Kherson journalist who reported from Russian occupation for three months now serves in the UAF
Kherson-based journalist Dmytro Bahnenko, who filmed three months of his family's life under Russian occupation, now serves in the Ukrainian Armed Forces. Watching his film is morally taxing for him, he said in his Radio Liberty interview.
For three months, Dmytro filmed everything happening in Kherson. These were protest rallies that were brutally suppressed by the Russian troops, food and medicine shortages, Russian military equipment moving through the streets of Kherson, shelling. His videos were the basis of the BBC documentary "Occupation".
He and his family have since left occupied Kherson and settled in Kyiv. The journalist's daughter Ksiusha, who was the documentary's protagonist, is already a first-grader in school. The journalist admits that reminiscing on the occupation and what has been happening in Kherson during the war is morally taxing, so he has little desire to rewatch his film.
"Many things I associate with Kherson and my family, with my loved ones, were ruined not just physically, but also mentally, emotionally, and that must have been very traumatic, so I set both the movie and the materials aside for other times. Maybe my grandchildren will dig them up," he said.
The idea to record the occupation and the subsequent events came to him immediately, Dmytro says. Although, he noted, doing it was dangerous even before the Russian troops captured Kherson.
According to the journalist, he did not keep the footage in Kherson, but immediately uploaded it to a cloud storage. After all, storing such videos under occupation was risky.
After Dmytro and his family left Kherson, the filming continued in Kyiv, where the family moved to.
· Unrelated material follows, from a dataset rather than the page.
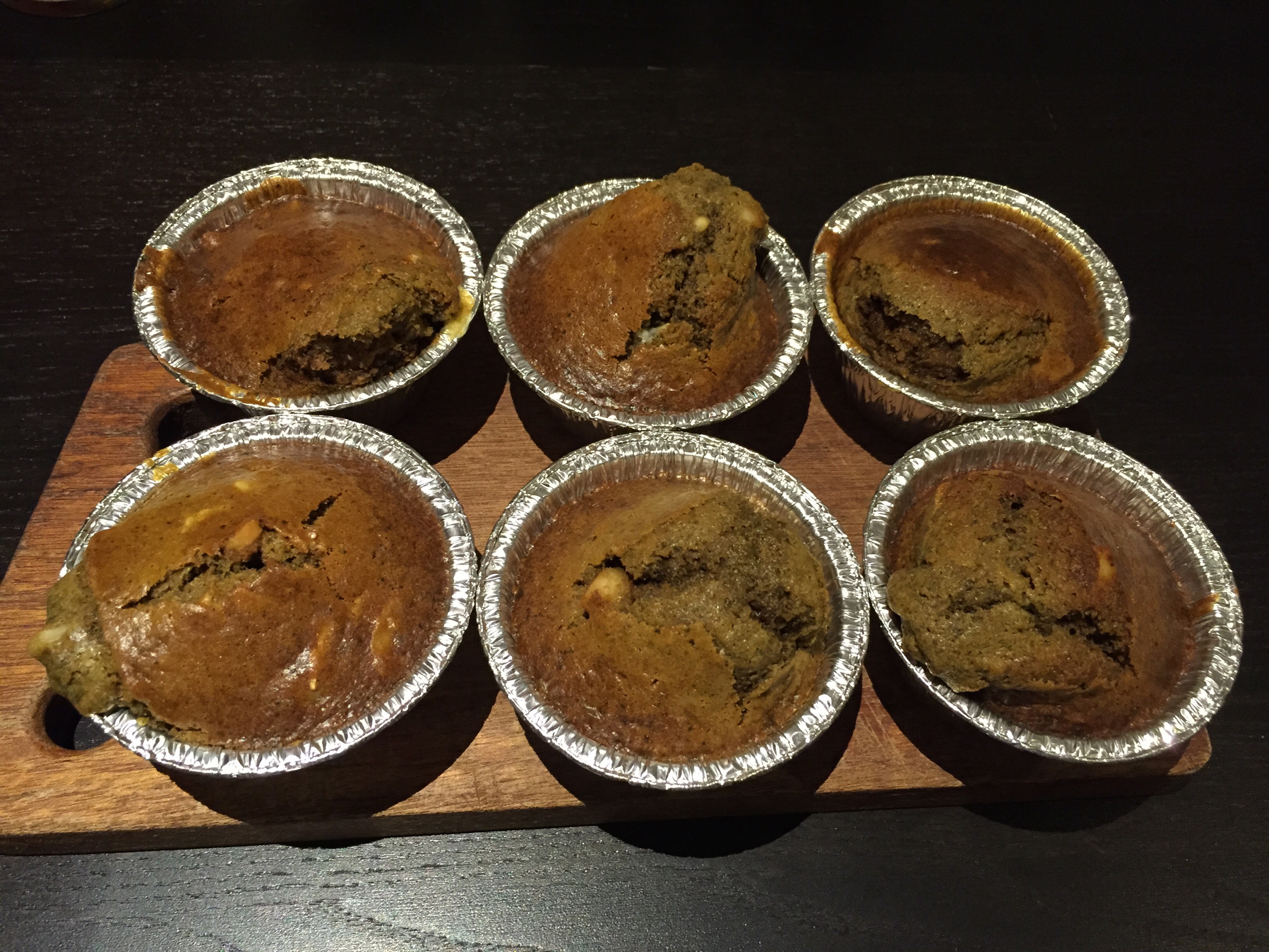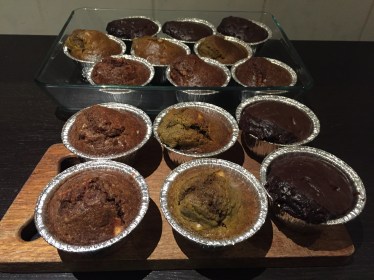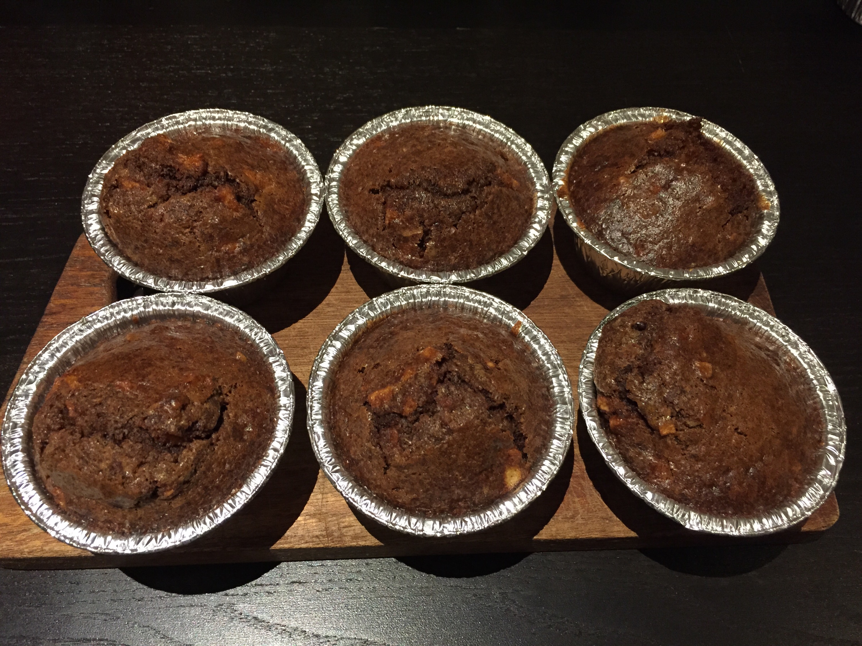 The egg-white would be hand-mixed to soft peak, then sugar would be added and mixed further to stiff-peak (meringue.) In another bowl are the melted butter, milk and the egg-yolks mixed together. When both bowls are ready, I would use a spatula to scoop up some of the meringue and gently fold it into the butter-milk-and-yolk-mix. Continue until all of the meringue are folded into the mix. Next part would be to add the powders gradually with a sieve and fold it in as well. It have to be added gradually or else all the work to add air into the mix will be done for nothing. Finally, add the last ingredients such as apples and pecan nuts and fold it all again. The added air and folding technique will make the Cake-mix more airy and gives it more of a rise in the oven. Because of the rise of cake, it is best to fill the cups half-full otherwise it might droop out of the container/cup.

Then the British BBC team started working on the film – mostly on the script, consulting the journalist for some details.
The film was released in October 2022. The journalist says that most difficult aspect of working on the "Occupation" was to be both a participant and a recorder of the events.
"Because we usually play one role. We either dance or film someone dancing. The dancing and the filming are done by two different people. But in my case, I had to split myself in two and record what I was doing. Since I was doing this for several months, it was actually very difficult to get out of this state and gather myself back into a single person, so to speak," the journalist says.
When he came back with the UAF, he decided that he wanted to focus on what he was doing here and now: "And do so as wisely as possible. So I choose for myself the less emotionally taxing, so to speak, ways to record and process this reality."
Bahnenko admits that some things that happen on his duty are impossible not to film.
"Something begs to be filmed. And you just can't stop. But it doesn't happen every day. Because it's actually both exhausting and just plain distracting from the tasks at hand. So I do it in other ways. That is, it is not purposeful video filming. I think someone will be able to process this content later and find ways to make it into something. But that will be later," the journalist notes.
Earlier, Dmytro Bahnenko spoke to the IMI about filming under occupation.